Killing each of the monsters felt oddly satisfying. She slashed, jabbed, and hacked until she was panting. Sweat dripped down her forehead.

After another few whacks, the last creature stopped writhing.

Lightning forked overhead, spreading a glow over her handiwork. A dozen monsters lay in pools of purple blood in the sand. She stood there, chest heaving, drenched in sweat, flush with a feeling she hadn’t known in a long time.

Pride.

While she caught her breath, the adrenaline that had masked her pain faded. It wasn’t just her toe that hurt. The same foot pulsated with pain from where a leech had sunk its teeth through the reinforced boot.

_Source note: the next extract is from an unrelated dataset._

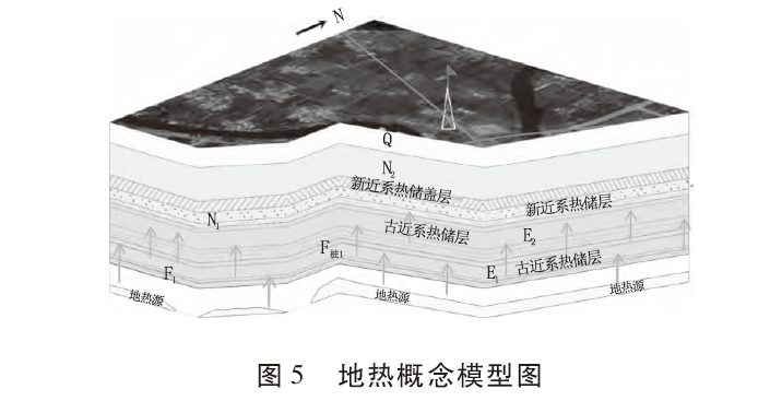 綜合與前人資料與本次淺部地溫測量、氫氧同位素地球化學測試、區內典型地熱井的抽水試驗等成果,分別從熱源、熱儲層、蓋層、地熱流補給及運移通道建立了勘查區熱儲概念模型(圖5)。

She could feel it filling with blood.

Cursing, Ada hobbled over to retrieve her machete, when she heard a familiar noise behind her. She searched for the source with her light and found a hairy head poking above a cluster of purple roots that grew at the edge of the sand.

The little monkey hopped out of the vegetation and moved cautiously toward her.

She lowered the machete and the flashlight.

“It’s okay,” she said soothingly. “I’m not going to hurt you.”

The monkey hopped over until it was just a few feet away.

She thought back to one of the reasons she had popped all those pain pills. Now perhaps she had a companion. A creature to accompany her, as X had with Miles on his journey through the wastes.

But would it come with her, and could she care for it?

One thing was certain. She wasn’t going to Florida. She was going back to the Vanguard Islands, to fight for her freedom in the Sky Arena—assuming she hadn’t been right about the Cazadores.

She feared there wouldn’t be anything to return to if, by some miracle, she made it back.

First, though, she had to get her foot fixed up and then salvage a sail from another boat. She sure as hell wasn’t rowing all the way back to the islands.

Ada went back to her boat, and the monkey followed warily.

Halfway there, she saw something sticking out of the sand. Bending down, she brushed sand away from her rifle.

The animal hopped over and looked up at Ada, and for the first time in recent memory, she smiled.

This was shaping up to be a better day than she could have hoped for. She was still alive, and she had a friend.